## TRY IT
Please restate all of the records word for word, setting the pictures aside.

(SUPPLIED INFORMATION Opens)

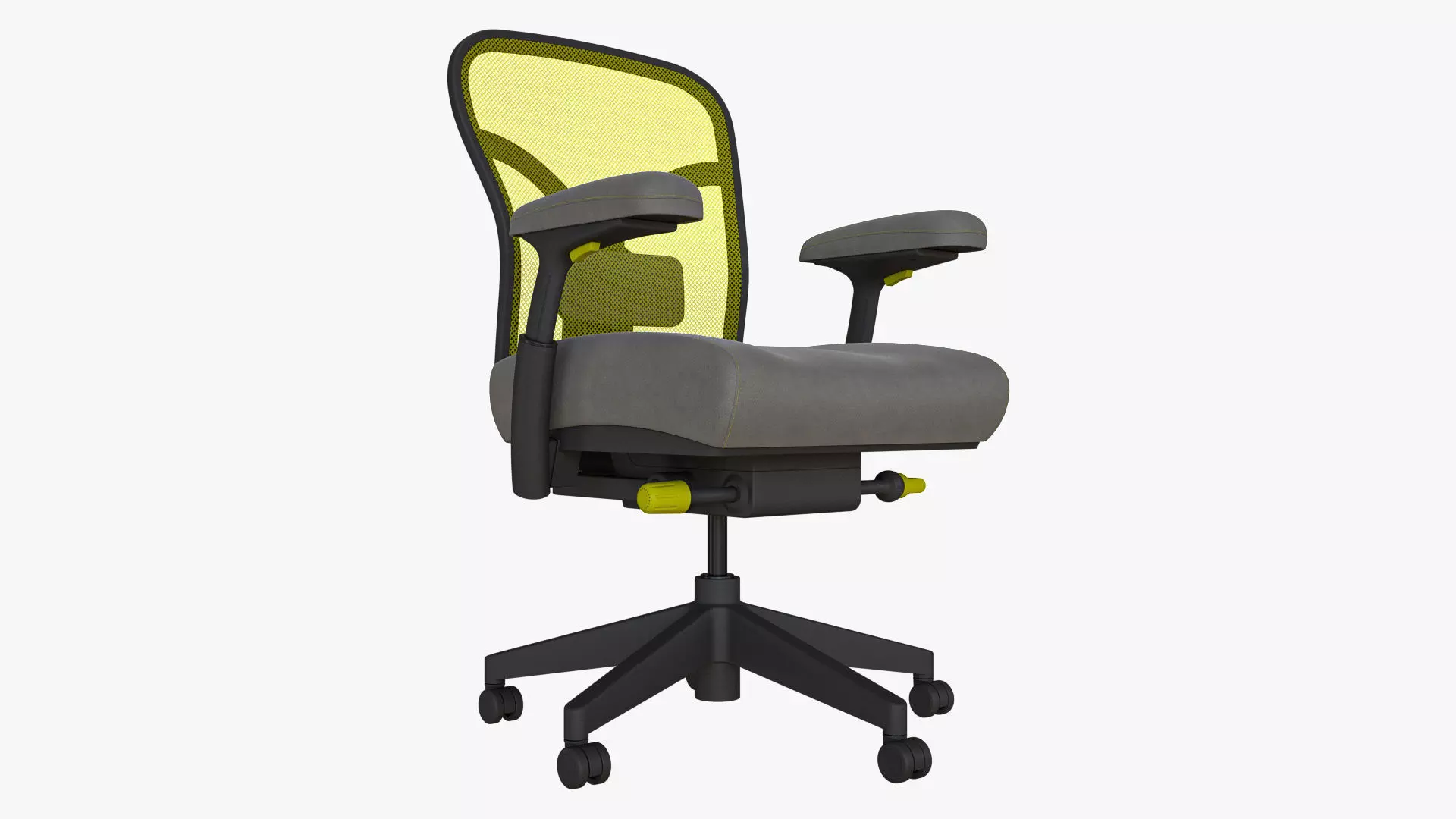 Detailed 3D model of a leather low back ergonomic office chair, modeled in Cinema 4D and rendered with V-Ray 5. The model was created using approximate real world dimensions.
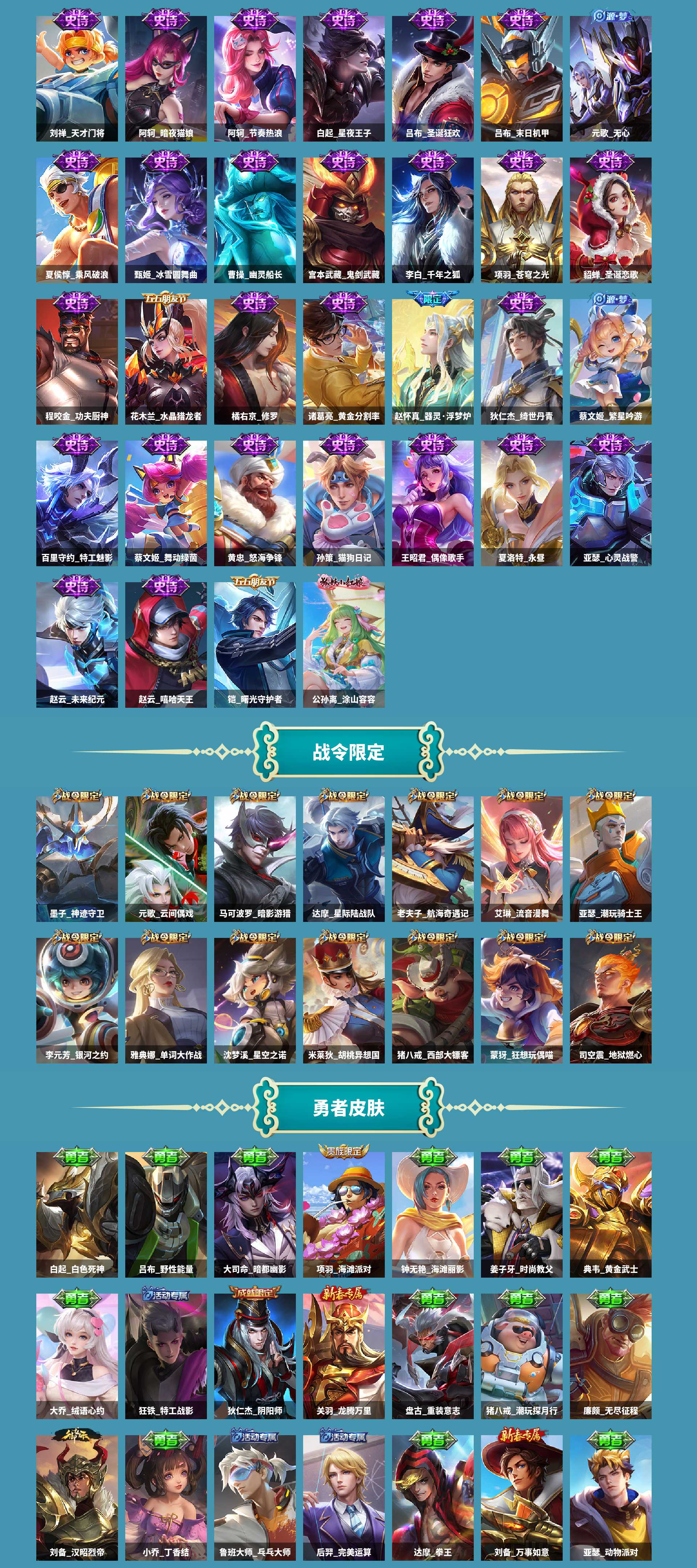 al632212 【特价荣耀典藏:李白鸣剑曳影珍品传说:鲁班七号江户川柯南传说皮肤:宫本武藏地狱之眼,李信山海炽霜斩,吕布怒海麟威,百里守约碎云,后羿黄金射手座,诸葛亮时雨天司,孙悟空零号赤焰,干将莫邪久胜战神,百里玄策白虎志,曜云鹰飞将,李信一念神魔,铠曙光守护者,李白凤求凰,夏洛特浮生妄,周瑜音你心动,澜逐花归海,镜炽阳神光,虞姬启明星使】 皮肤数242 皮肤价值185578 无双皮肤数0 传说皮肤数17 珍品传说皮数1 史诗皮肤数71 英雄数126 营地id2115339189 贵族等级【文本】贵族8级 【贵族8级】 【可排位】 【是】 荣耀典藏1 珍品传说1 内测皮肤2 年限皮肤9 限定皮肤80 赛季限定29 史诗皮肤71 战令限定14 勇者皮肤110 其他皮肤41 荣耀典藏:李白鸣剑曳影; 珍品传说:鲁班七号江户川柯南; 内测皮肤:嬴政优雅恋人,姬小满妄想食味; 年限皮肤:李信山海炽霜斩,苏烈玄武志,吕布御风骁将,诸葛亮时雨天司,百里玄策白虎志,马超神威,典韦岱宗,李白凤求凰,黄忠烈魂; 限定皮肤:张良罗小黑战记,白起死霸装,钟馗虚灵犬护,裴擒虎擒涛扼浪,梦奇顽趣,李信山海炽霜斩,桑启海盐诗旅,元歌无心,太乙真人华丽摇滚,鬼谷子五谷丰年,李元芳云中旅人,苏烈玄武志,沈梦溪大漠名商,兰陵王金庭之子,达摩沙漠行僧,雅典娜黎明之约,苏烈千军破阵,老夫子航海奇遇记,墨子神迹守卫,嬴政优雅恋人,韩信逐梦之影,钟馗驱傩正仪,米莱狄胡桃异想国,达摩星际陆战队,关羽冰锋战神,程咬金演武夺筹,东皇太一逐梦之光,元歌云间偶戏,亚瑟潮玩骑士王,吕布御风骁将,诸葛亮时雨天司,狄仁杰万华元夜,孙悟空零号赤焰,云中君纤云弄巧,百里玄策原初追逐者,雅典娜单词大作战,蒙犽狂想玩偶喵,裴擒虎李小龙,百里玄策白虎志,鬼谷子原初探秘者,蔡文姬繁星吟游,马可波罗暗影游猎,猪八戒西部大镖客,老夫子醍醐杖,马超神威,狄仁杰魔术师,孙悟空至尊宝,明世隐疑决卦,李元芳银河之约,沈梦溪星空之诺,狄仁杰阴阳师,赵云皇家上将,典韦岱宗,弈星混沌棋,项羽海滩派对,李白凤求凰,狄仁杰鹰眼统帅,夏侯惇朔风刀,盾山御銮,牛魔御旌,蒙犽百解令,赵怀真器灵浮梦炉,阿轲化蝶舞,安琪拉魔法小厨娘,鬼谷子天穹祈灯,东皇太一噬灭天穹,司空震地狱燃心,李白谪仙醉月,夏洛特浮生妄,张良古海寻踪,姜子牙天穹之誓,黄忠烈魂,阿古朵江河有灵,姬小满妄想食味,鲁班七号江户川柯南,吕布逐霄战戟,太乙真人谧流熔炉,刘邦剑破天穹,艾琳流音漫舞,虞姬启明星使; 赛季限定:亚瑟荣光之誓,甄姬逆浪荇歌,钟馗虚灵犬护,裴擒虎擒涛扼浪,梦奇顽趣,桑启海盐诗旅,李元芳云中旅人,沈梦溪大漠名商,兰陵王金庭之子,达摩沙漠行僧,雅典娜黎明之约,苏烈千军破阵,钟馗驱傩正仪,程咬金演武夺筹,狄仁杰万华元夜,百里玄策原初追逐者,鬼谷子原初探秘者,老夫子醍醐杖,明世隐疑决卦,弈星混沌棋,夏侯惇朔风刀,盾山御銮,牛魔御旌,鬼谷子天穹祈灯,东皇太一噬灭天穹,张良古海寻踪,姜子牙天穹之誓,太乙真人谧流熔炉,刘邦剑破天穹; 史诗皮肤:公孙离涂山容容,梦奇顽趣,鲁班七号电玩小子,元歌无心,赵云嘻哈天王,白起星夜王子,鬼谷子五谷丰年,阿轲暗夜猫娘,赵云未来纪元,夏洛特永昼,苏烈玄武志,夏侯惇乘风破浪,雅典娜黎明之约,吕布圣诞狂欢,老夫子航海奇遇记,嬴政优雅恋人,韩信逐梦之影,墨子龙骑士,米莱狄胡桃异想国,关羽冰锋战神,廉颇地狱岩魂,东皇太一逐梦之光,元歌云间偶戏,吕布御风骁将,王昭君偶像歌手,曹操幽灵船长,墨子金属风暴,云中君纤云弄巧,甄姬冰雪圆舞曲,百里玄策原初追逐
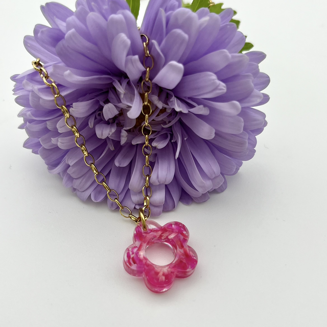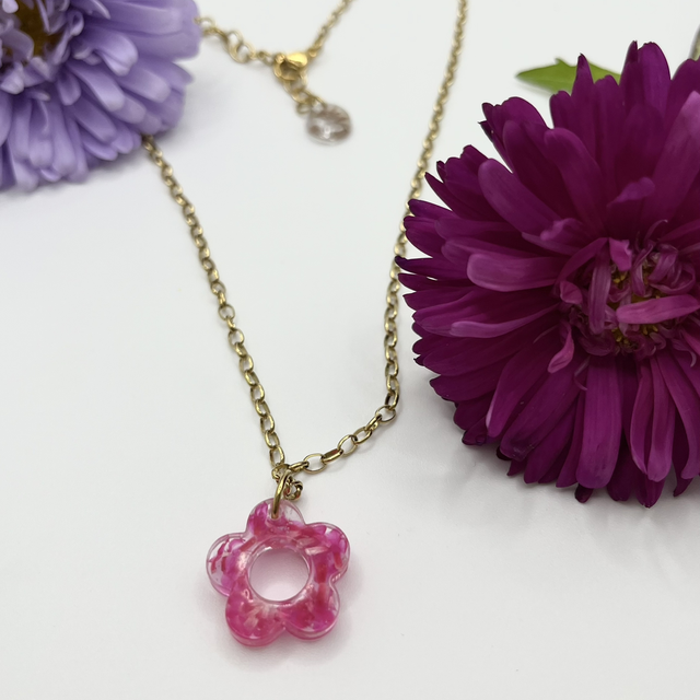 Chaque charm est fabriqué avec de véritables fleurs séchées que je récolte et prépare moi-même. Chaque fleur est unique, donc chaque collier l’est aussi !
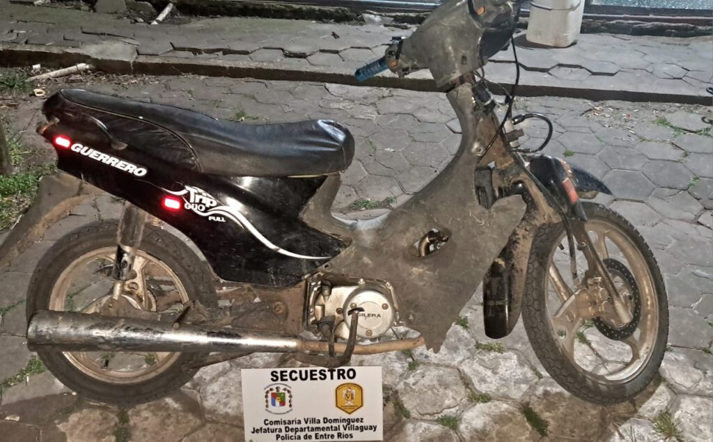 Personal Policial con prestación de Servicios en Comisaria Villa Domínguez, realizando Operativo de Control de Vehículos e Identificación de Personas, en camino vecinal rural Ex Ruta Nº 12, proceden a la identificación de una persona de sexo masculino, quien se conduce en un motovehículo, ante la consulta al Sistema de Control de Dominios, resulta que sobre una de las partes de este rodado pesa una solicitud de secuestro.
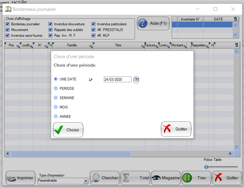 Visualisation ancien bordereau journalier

(SUPPLIED INFORMATION Closes)

## PROBLEM SOLUTION
 Detailed 3D model of a leather low back ergonomic office chair, modeled in Cinema 4D and rendered with V-Ray 5. The model was created using approximate real world dimensions.
 al632212 【特价荣耀典藏:李白鸣剑曳影珍品传说:鲁班七号江户川柯南传说皮肤:宫本武藏地狱之眼,李信山海炽霜斩,吕布怒海麟威,百里守约碎云,后羿黄金射手座,诸葛亮时雨天司,孙悟空零号赤焰,干将莫邪久胜战神,百里玄策白虎志,曜云鹰飞将,李信一念神魔,铠曙光守护者,李白凤求凰,夏洛特浮生妄,周瑜音你心动,澜逐花归海,镜炽阳神光,虞姬启明星使】 皮肤数242 皮肤价值185578 无双皮肤数0 传说皮肤数17 珍品传说皮数1 史诗皮肤数71 英雄数126 营地id2115339189 贵族等级【文本】贵族8级 【贵族8级】 【可排位】 【是】 荣耀典藏1 珍品传说1 内测皮肤2 年限皮肤9 限定皮肤80 赛季限定29 史诗皮肤71 战令限定14 勇者皮肤110 其他皮肤41 荣耀典藏:李白鸣剑曳影; 珍品传说:鲁班七号江户川柯南; 内测皮肤:嬴政优雅恋人,姬小满妄想食味; 年限皮肤:李信山海炽霜斩,苏烈玄武志,吕布御风骁将,诸葛亮时雨天司,百里玄策白虎志,马超神威,典韦岱宗,李白凤求凰,黄忠烈魂; 限定皮肤:张良罗小黑战记,白起死霸装,钟馗虚灵犬护,裴擒虎擒涛扼浪,梦奇顽趣,李信山海炽霜斩,桑启海盐诗旅,元歌无心,太乙真人华丽摇滚,鬼谷子五谷丰年,李元芳云中旅人,苏烈玄武志,沈梦溪大漠名商,兰陵王金庭之子,达摩沙漠行僧,雅典娜黎明之约,苏烈千军破阵,老夫子航海奇遇记,墨子神迹守卫,嬴政优雅恋人,韩信逐梦之影,钟馗驱傩正仪,米莱狄胡桃异想国,达摩星际陆战队,关羽冰锋战神,程咬金演武夺筹,东皇太一逐梦之光,元歌云间偶戏,亚瑟潮玩骑士王,吕布御风骁将,诸葛亮时雨天司,狄仁杰万华元夜,孙悟空零号赤焰,云中君纤云弄巧,百里玄策原初追逐者,雅典娜单词大作战,蒙犽狂想玩偶喵,裴擒虎李小龙,百里玄策白虎志,鬼谷子原初探秘者,蔡文姬繁星吟游,马可波罗暗影游猎,猪八戒西部大镖客,老夫子醍醐杖,马超神威,狄仁杰魔术师,孙悟空至尊宝,明世隐疑决卦,李元芳银河之约,沈梦溪星空之诺,狄仁杰阴阳师,赵云皇家上将,典韦岱宗,弈星混沌棋,项羽海滩派对,李白凤求凰,狄仁杰鹰眼统帅,夏侯惇朔风刀,盾山御銮,牛魔御旌,蒙犽百解令,赵怀真器灵浮梦炉,阿轲化蝶舞,安琪拉魔法小厨娘,鬼谷子天穹祈灯,东皇太一噬灭天穹,司空震地狱燃心,李白谪仙醉月,夏洛特浮生妄,张良古海寻踪,姜子牙天穹之誓,黄忠烈魂,阿古朵江河有灵,姬小满妄想食味,鲁班七号江户川柯南,吕布逐霄战戟,太乙真人谧流熔炉,刘邦剑破天穹,艾琳流音漫舞,虞姬启明星使; 赛季限定:亚瑟荣光之誓,甄姬逆浪荇歌,钟馗虚灵犬护,裴擒虎擒涛扼浪,梦奇顽趣,桑启海盐诗旅,李元芳云中旅人,沈梦溪大漠名商,兰陵王金庭之子,达摩沙漠行僧,雅典娜黎明之约,苏烈千军破阵,钟馗驱傩正仪,程咬金演武夺筹,狄仁杰万华元夜,百里玄策原初追逐者,鬼谷子原初探秘者,老夫子醍醐杖,明世隐疑决卦,弈星混沌棋,夏侯惇朔风刀,盾山御銮,牛魔御旌,鬼谷子天穹祈灯,东皇太一噬灭天穹,张良古海寻踪,姜子牙天穹之誓,太乙真人谧流熔炉,刘邦剑破天穹; 史诗皮肤:公孙离涂山容容,梦奇顽趣,鲁班七号电玩小子,元歌无心,赵云嘻哈天王,白起星夜王子,鬼谷子五谷丰年,阿轲暗夜猫娘,赵云未来纪元,夏洛特永昼,苏烈玄武志,夏侯惇乘风破浪,雅典娜黎明之约,吕布圣诞狂欢,老夫子航海奇遇记,嬴政优雅恋人,韩信逐梦之影,墨子龙骑士,米莱狄胡桃异想国,关羽冰锋战神,廉颇地狱岩魂,东皇太一逐梦之光,元歌云间偶戏,吕布御风骁将,王昭君偶像歌手,曹操幽灵船长,墨子金属风暴,云中君纤云弄巧,甄姬冰雪圆舞曲,百里玄策原初追逐
 Chaque charm est fabriqué avec de véritables fleurs séchées que je récolte et prépare moi-même. Chaque fleur est unique, donc chaque collier l’est aussi !
 Personal Policial con prestación de Servicios en Comisaria Villa Domínguez, realizando Operativo de Control de Vehículos e Identificación de Personas, en camino vecinal rural Ex Ruta Nº 12, proceden a la identificación de una persona de sexo masculino, quien se conduce en un motovehículo, ante la consulta al Sistema de Control de Dominios, resulta que sobre una de las partes de este rodado pesa una solicitud de secuestro.
 Visualisation ancien bordereau journalier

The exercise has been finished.